Molecular set representation learning

Daniel Probst,Maria Boulougouri,Pierre Vandergheynst
DOI: https://doi.org/10.26434/chemrxiv-2023-fk7kf-v2
2024-03-15
Abstract:Computational representation of molecules can take many forms, including graphs, string-encodings of graphs, binary vectors, or learned embeddings in the form of real-valued vectors. These representations are then used in downstream classification and regression tasks using a wide range of machine-learning models. However, existing models come with limitations, such as the requirement for clearly defined chemical bonds, which often do not represent the true underlying nature of a molecule. Here, we propose a framework for molecular machine learning tasks based on set representation learning. We show that learning on sets of atomic invariants alone reaches the performance of state-of-the-art graph-based models on the most-used chemical benchmark data sets and that introducing a set representation layer into graph neural networks can surpass the performance of established methods in the domains of chemistry, biology, and material science. We introduce specialised set representation-based neural network architectures for reaction yield and protein-ligand binding affinity prediction. Overall, we show that the technique we denote molecular set representation learning is both an alternative and an extension to graph neural network architectures for machine learning tasks on molecules, molecule complexes, and chemical reactions.
Chemistry
What problem does this paper attempt to address?

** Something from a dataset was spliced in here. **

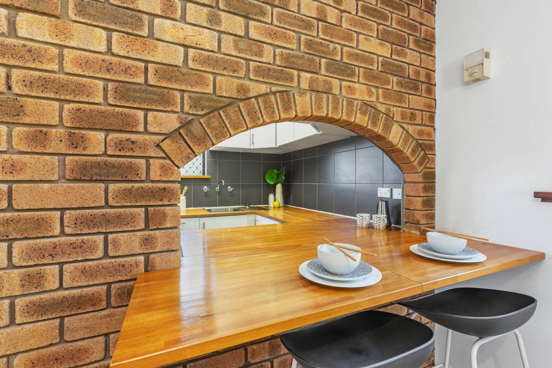 A first floor, end unit with an open plan living and dining space leading out to a private breezy balcony allowing you to relax and take in the city views. The fully renovated kitchen with electric cook top and ample storage will have you cooking up a storm. The combined bathroom and laundry are in pristine original retro condition. The WC is conveniently separate and you will find ample storage for your linen, suitcases and appliances in your hallway cupboard.

The paper proposes a new molecular machine learning framework based on set representation learning instead of the traditional graph neural networks. Existing molecular representation methods such as graph encoding may have limitations and cannot fully reflect the true nature of molecules, especially non-covalent bonds and dynamic interactions. The researchers construct molecules through a set representation of atomic invariants, which does not rely on explicit chemical bond definitions but preserves the implicit information of molecular structure. They design several set-based neural network architectures and compare them with graph neural network models on multiple chemical tasks. The results show that set representation learning can not only compete with graph neural networks but also outperform them in certain cases, particularly in the fields of drug discovery, material science, and chemical reaction prediction. The paper also emphasizes that existing benchmark datasets may be insufficient to fully evaluate the advantages of graph neural networks and provides a collection of easy-to-use and extensible molecular set representation architectures.